Bringing physicians on board
Even as Dr. Vaida says that hospitals need to do more to reach out to physicians, he says it’s clear that many physicians understand the need to make changes in how they practice. A good example is avoiding abbreviations that have been shown to cause mix-ups.
If physicians weren’t on board with this type of initiative, he says, the recent survey would have shown much lower rates of improvement between 2000 and 2004. “You need everybody on board to show improvement in some of these areas,” Dr. Vaida explains. “It really is an interdisciplinary effect.”
Technology also appears to be contributing to hospitals’ improvements on the survey. The self-assessment found that nearly 15 percent of hospitals now have bedside bar coding processes in place for at least some of their patients. And about 12 percent of hospitals said they have computerized physician order entry, a number that is up 4 percent.
The ISMP survey found that the greatest improvements since 2004 occurred in hospitals’ willingness to discuss errors openly using nonpunitive approaches. ISMP found a 43 percent increase in “non-punitive, system-based approaches to error reduction.”
The recent survey also found a 29 percent improvement since 2000 in efforts to minimize problems with look-alike/sound-alike drugs. Many hospitals are now physically separating these drugs, putting alert stickers on them, or putting information in their computer systems that notify practitioners when these drugs are ordered.
The pace of progress
Dr. Vaida says that overall, he is encouraged by the pace of progress. He notes that as recently as 2000, in the aftermath of the IOM patient safety report’s publication, “many of these were new ideas. It is heartening to see that many hospitals now have adopted a much more open culture for sharing error reports.”
Another good sign? Dr.

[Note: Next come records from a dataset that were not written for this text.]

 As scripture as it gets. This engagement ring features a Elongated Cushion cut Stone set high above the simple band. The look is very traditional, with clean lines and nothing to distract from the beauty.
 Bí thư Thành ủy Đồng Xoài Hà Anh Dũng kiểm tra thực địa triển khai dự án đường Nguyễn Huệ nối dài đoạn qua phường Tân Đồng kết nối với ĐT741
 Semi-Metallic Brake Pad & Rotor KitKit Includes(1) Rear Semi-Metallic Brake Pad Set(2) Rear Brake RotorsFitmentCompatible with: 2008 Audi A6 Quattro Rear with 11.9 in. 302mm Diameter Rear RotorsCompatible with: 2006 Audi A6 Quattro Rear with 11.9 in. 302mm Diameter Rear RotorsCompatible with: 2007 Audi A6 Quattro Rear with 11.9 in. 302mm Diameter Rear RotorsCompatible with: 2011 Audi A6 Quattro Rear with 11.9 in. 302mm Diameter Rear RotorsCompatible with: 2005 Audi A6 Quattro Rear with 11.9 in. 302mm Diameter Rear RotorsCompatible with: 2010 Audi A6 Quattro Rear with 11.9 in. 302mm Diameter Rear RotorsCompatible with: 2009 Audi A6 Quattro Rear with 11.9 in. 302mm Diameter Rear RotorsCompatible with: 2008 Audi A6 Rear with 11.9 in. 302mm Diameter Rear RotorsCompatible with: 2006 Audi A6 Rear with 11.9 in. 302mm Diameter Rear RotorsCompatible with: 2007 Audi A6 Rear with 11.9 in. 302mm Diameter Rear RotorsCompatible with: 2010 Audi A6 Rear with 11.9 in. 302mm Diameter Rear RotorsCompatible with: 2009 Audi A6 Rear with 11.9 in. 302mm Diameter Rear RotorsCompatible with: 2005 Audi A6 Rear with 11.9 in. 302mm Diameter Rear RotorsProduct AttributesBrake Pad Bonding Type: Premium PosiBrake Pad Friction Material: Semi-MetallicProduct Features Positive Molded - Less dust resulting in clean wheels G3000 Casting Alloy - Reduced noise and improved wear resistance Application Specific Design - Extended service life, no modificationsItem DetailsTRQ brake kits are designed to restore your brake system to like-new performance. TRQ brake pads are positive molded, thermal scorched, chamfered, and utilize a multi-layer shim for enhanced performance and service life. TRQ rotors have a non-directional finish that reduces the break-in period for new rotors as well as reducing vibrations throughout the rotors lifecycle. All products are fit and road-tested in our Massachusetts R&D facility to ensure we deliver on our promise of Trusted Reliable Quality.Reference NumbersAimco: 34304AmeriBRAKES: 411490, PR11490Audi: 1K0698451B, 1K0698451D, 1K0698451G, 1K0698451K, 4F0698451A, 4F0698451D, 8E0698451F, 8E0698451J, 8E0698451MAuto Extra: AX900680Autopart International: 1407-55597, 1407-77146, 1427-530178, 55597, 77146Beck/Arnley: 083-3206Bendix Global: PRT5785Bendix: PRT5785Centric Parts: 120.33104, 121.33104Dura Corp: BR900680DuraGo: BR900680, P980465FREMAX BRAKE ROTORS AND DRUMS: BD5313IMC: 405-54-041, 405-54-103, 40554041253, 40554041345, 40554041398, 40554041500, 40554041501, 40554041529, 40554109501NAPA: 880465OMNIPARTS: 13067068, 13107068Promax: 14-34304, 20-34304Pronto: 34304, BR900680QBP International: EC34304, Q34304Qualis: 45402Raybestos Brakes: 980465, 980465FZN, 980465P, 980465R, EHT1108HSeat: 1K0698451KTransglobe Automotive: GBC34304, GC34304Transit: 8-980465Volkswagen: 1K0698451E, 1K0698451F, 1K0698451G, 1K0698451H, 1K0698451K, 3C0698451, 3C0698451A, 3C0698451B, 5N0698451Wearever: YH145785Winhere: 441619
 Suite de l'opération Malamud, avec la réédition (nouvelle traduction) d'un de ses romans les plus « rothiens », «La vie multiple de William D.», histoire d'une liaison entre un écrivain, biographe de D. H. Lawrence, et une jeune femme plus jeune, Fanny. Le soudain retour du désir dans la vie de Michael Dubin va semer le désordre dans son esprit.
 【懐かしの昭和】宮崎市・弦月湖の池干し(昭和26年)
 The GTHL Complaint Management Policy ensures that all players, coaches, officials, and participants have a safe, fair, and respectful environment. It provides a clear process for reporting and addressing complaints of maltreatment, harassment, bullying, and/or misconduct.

Vaida says that anecdotally, at least, hospitals that have conducted the self-assessment process that is part of the survey have said that it was “a great learning experience.” Many also use it as a jumping-off point for quality-improvement projects.

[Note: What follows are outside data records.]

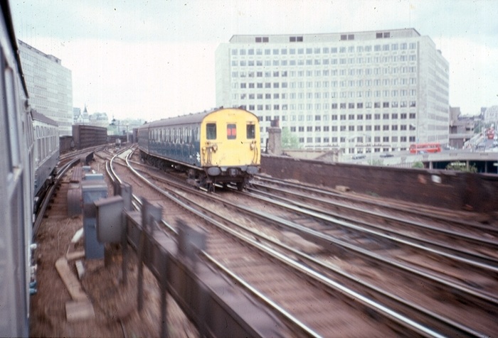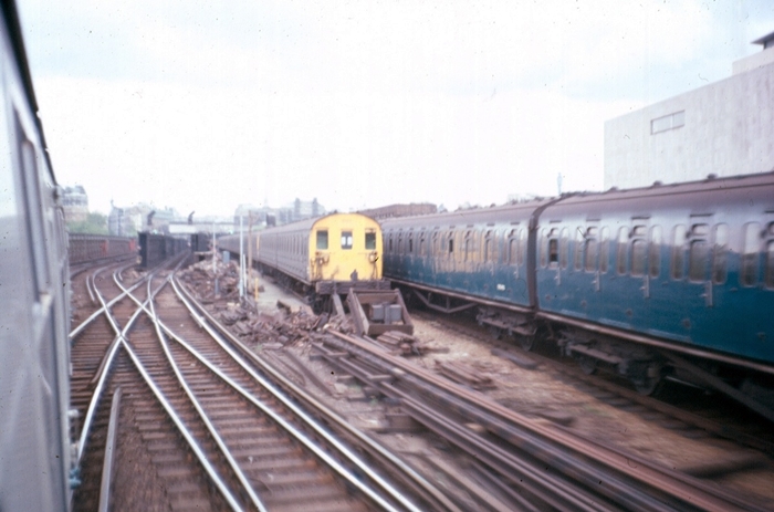 The Charing Cross approaches are again seen from an un-refurbished 4 CEP, this time working the 11:00 service to Dover. A BR-designed 2 EPB, in Rail Blue livery, is seen trailing another train as it heads into the terminus. © David Glasspool Collection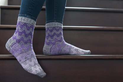 Playing with colors while knitting can be a challenge and many knitters shy away from it. Mosaic knitting is a chance to make the impossible possible… a way to give the illusion of stranded colorwork while only working one color at a time. Worked from the toe-up, these socks pair stunning gradient mini-skeins with a semi-solid neutral to create a graphic and eye-catching design. Give them a go and redefine your idea of what is possible!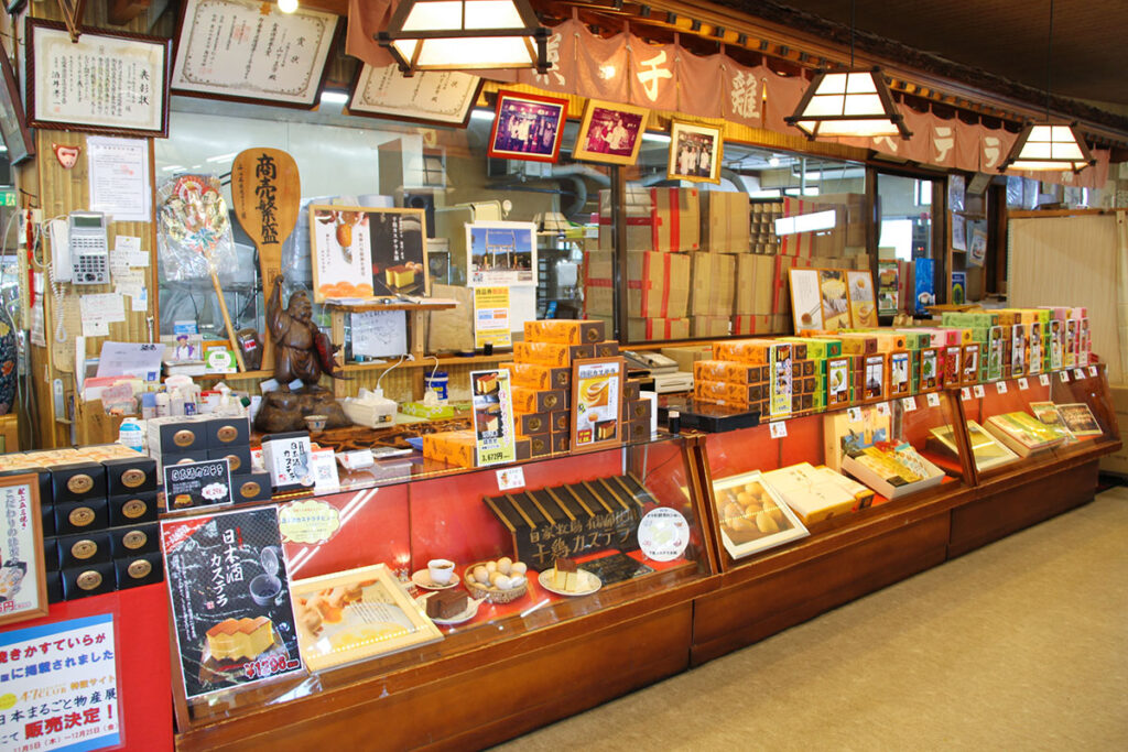 千々石観光センターでは、自家養鶏牧場の新鮮な卵で作る長崎カステラは、黄身のコクや風味が強くしっとり感と弾力がある食感に仕上がるのも特徴です。定番のカステラに加え、蜂蜜カステラ(限定五三焼き)、抹茶、カフェ、チーズ、チョコ、ろくべえ、ざぼんなど、多彩なフレーバーを用意。
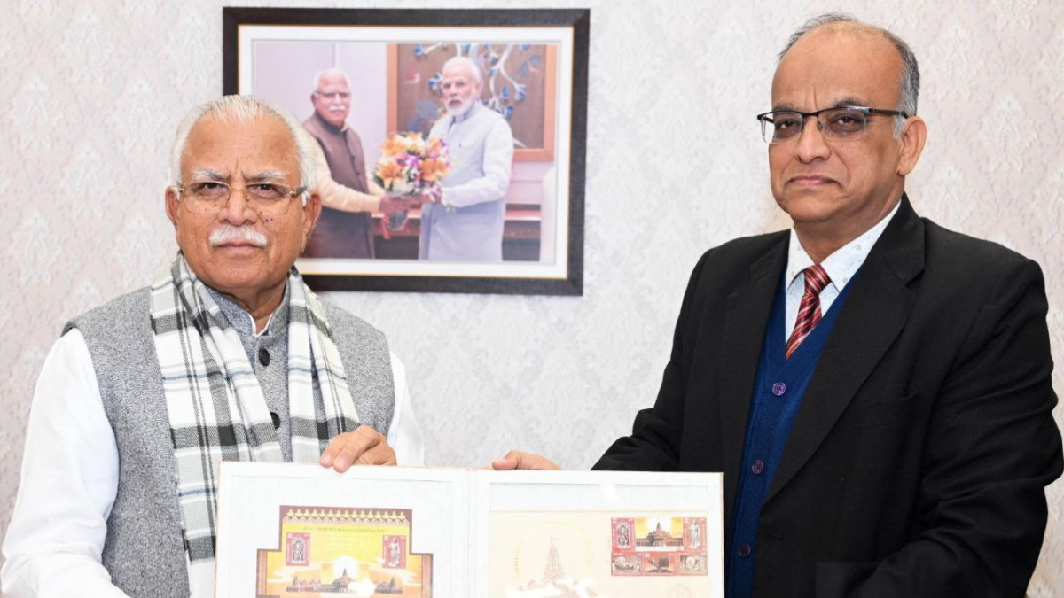 Haryana News: सीएम खट्टर को राम मंदिर का चंदन की खुशबू से सुगंधित डाक टिकट किया भेंट, जताई खुशी

When they participate in the self-assessment process, he notes, physicians often learn that no hospital-wide sharing of error information exists. As a result of that realization, they often approach colleagues in other units to find, discuss “and learn from “their approach to reducing drug errors.
“All of a sudden,” Dr. Vaida says, “the nurses in med-surg are saying, ‘I never knew you guys were doing that. Maybe we should do it too.’ Or the physicians are saying, ‘You mean you don’t get automatic alerts on this?’ ”
Deborah Gesensway is a freelance writer who reports on U.S. health care from Toronto, Canada.